BRIEF:
Begin at the line containing "En el Pueblo" and copy exactly through the last line of the listing, skipping every picture.

╭─ SUPPLIED MATERIAL

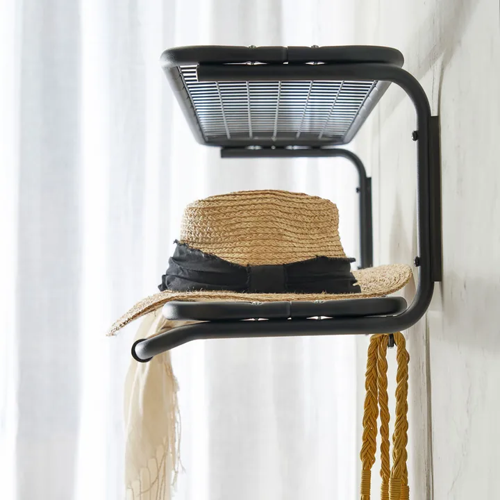 Classic 650 półka na kapelusze od Essem Design, zaprojektowana przez Gunnara Bolina, to ikoniczna półka o zaokrąglonych kształtach z lat 50. XX wieku. Z chromowanymi wspornikami z rury stalowej i półkami z powłoką proszkową łączy styl z funkcjonalnością. Siatka o grubości drutu 2,25 mm i oczkach 30 × 30 mm zapewnia stabilność. Pręt na wieszaki to stal pokryta tworzywem o średnicy 19 mm. Zalecana maksymalna pojemność to dziesięć wieszaków, co czyni ją idealną do uporządkowanego przechowywania w domu.
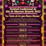En el Pueblo Mágico de El Rosario se realizará el Festival de Día de Muertos Rosario 2022, “La Fiesta de los Nunca Mueren”, del 28 al 31 de octubre. Este sábado realizará una callejoneada en Cacalotán a partir de las 6:00 de la tarde, donde habrá música en vivo y canto, el domingo 30 se hará en Rosario y concluye el lunes 31 de octubre con un concurso de catrinas, exposición de altares y espectáculo artístico en la Laguna del Iguanero a partir de las 6:00 de la tarde.
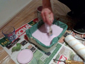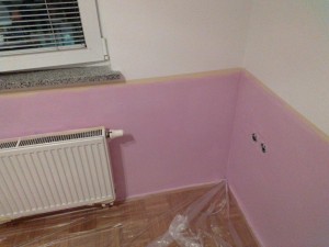 Potem pa začel barvati del stene, ki sem ga zaščitil.

╰─

ANSWER SPACE:
En el Pueblo Mágico de El Rosario se realizará el Festival de Día de Muertos Rosario 2022, “La Fiesta de los Nunca Mueren”, del 28 al 31 de octubre. Este sábado realizará una callejoneada en Cacalotán a partir de las 6:00 de la tarde, donde habrá música en vivo y canto, el domingo 30 se hará en Rosario y concluye el lunes 31 de octubre con un concurso de catrinas, exposición de altares y espectáculo artístico en la Laguna del Iguanero a partir de las 6:00 de la tarde.
 Potem pa začel barvati del stene, ki sem ga zaščitil.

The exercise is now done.